Y no lo necesitan por dos motivos muy evidentes: 1) el desequilibrio -llamémosle demográfico- entre la sociedad política y la sociedad civil, que exime a la primera de intentar una justificación ética de su rol en base a las necesidades e intereses de la segunda, y 2) la correlativa debilidad de la sociedad civil, traducida en desvertebración y falta de organización, que impide a ésta elaborar un discurso coherente y consistente acerca de sus necesidades e intereses. Es la pescadilla que se muerde la cola.
Esta disfuncionalidad de nuestro sistema político permite a muchos líderes llenar ciertos vacíos programáticos -e, incluso, ideológicos- mediante la simple invocación de las necesidades de ese colectivo difuso al que se alude como «la gente», y ahora, más recientemente, «los vecinos».
Una sociedad civil fragmentaria, de baja intensidad, aceptará sin mayores cuestionamientos los desvelos de la sociedad política por «la gente» o por «los vecinos» e incluso valorará como elaboraciones superiores de esta idea ciertos eslóganes propagandísticos como "Salta la linda será también Salta la justa", "haciendo realidad la esperanza", "el orgullo de ser salteño" o "colocando al hombre en el centro de la escena política".
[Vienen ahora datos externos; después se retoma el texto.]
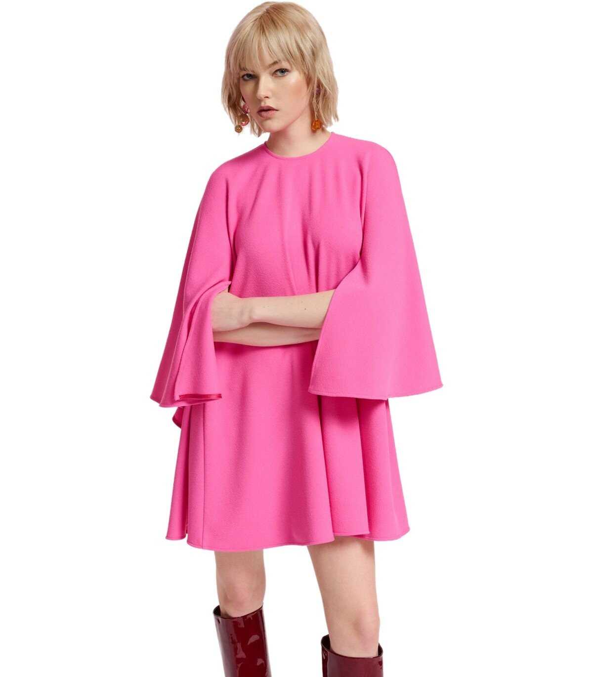 Evidence A-line dress by Essentiel Antwerp made of viscose and polyester blend fabric in shades of pink, featuring wide sleeves with slits and hidden zip closure on the back. Oversized fit.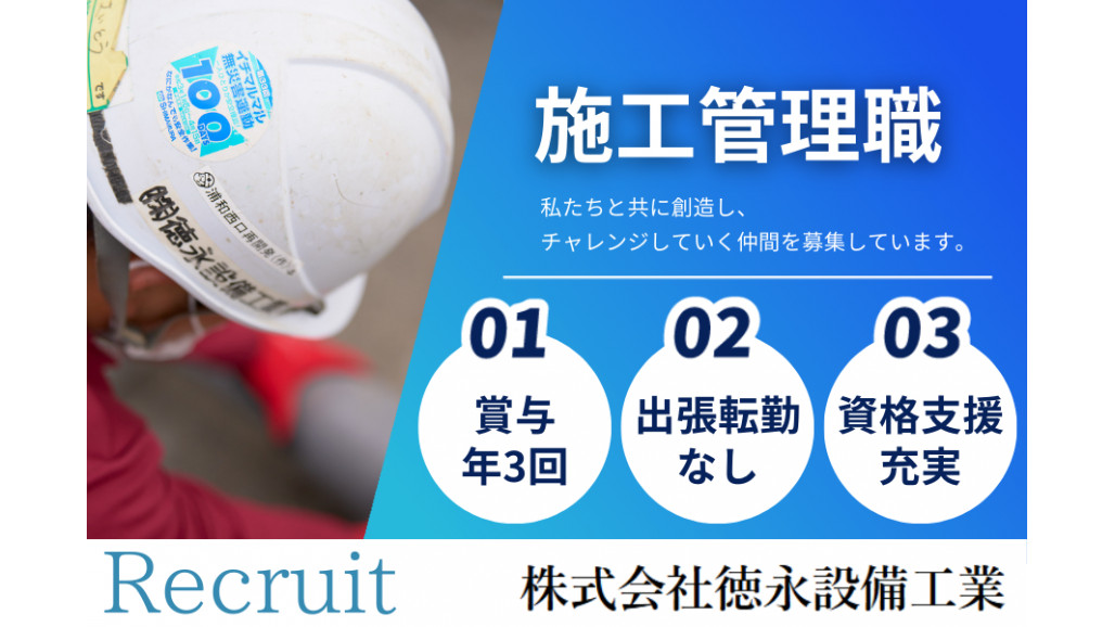 ■仕事内容 さいたま市を中心とした公共施設(小中学校等)や集合住宅における、給排水・衛生設備・空調換気工事の施工管理をお任せします。 《具体的な業務》 ・工程管理、品質管理、安全管理 ・官公庁や建設会社(ゼネコン)との連絡調整・折衝 ・現場確認や材料の手配サポート ・職人さんへの連絡・打ち合わせ ◎案件の割合: 民間 6:公共 4 ◎施工実績: さいたま市・水道局発注案件、集合住宅、個人宅の給排水設備など 現場への直行直帰も相談可能! 地元に根差した案件が中心のため、長距離移動の負担が少なく、腰を据えて業務に集中できる環境です。 《徳永設備工業の求人ポイント!》 1. キャリアと報酬の両立を実現 ◆年間賞与3回!業績は右肩上がりで、決算賞与で社員へ還元しています! ◆創業50年の確かな実績があり、地元のゼネコンや官公庁から厚い信頼◎ 2. 業界に先駆けた「働き方改革」を推進中 ◆分業制の導入: 書類作成をサポートする「事務メインのスタッフ」が在籍しています。現場から戻ってきてから膨大な事務作業に追われることはありません。 ◆休日を拡大中: 第2・4土曜休に加え、今年中の「完全週休2日制」導入に向けて取引先と調整を進めています。 ◆長期休暇も取得可: 業務調整次第で連休の取得も可能です。 3. 未経験からでも「数千万円〜数億円」の現場を動かす裁量 当社では、社歴や年齢に関わらず、意欲ある方に責任あるポジションをお任せしています。 ◆入社3年目(28歳・未経験入社): 案件金額5,000万円超の「市立学校トイレ改修工事」の現場責任者に抜擢。 ◆入社5年目(38歳・未経験入社): 案件金額2億円規模の「老人ホーム建替工事」の責任者として活躍。 大きな裁量を持って現場を動かす手応えと、それを支えるベテランのフォロー体制があります。 【求人ID-【P-SMD01】】 |

Se produce aquí otra situación paradojal: Mientras que la política necesita de un continuo fluir de ideas para seguir funcionando, nuestros actores políticos más visibles no parecen especialmente dotados a la hora de poner en circulación nuevos pensamientos que enriquezcan el debate político. Se tiende a confundir interesadamente el debate de ideas y el debate programático con el debate ideológico y con el bazar persa de «las propuestas», un terreno en el que muchos activos de la política se sienten muy cómodos, como aquel que conoce de antemano el final de la película.
Pero es sabido que así como la ideología es la negación de la política, el debate ideológico representa la negación del debate de las ideas políticas. Lo auténticamente desafiante es hacer frente a ideas nuevas, a ideas que pongan en entredicho verdades establecidas e, incluso, que proyecten una mirada crítica sobre la vida y obra de algunos «líderes fundacionales» del pensamiento político nacional.
Conclusión
Más tarde o más temprano la política de Salta deberá afrontar su propia renovación. La «política sin ideas» que abanderó el justicialismo desde 1983 en adelante y que propició la «explosión por simpatía» del resto de partidos, tiene los días contados.El salteño medio se pregunta cada vez con más insistencia cuál es la razón moral que justifique que un conjunto más o menos afortunado y sumamente reducida de grupos de interés o de «familias» controle todos los mecanismos del poder y mantenga cautiva la política en Salta, una actividad que, desafortunadamente, no todo mundo percibe como llamada a servir a todos los ciudadanos por igual.
No está lejano el tiempo en que los políticos volverán a ser auténticos portadores de ideas como lo son hoy de maquillaje y de compromisos con los intereses más poderosos y más comprometidos con el mantenimiento de la clamorosa desigualdad social.
Es duro reconocerlo y muy aventurado plantearlo, pero una operación profunda y decidida de rescate de la política de las ideas al servicio del conjunto social requiere hoy de una moratoria electoral (o una medida análoga que asegure que las elecciones no propiciarán el bloqueo permanente de los procesos de cambio) que permita la reformulación total del sistema de partidos y consecución de las reformas necesarias para potenciar la fortaleza del tejido social.
Si nuestras elecciones no movilizaran, como lo hacen, tan ingente cantidad de recursos -incluida la inmoral y gigantesca manipulación de las emociones populares- tal moratoria no sería quizá necesaria.
Pero en un escenario de elecciones bianuales, con cuatro o seis elecciones cada bienio, con campañas muy largas y muy caras, con candidatos pudientes que apuestan a la política auténticas fortunas como en la ruleta, ningún cambio es posible.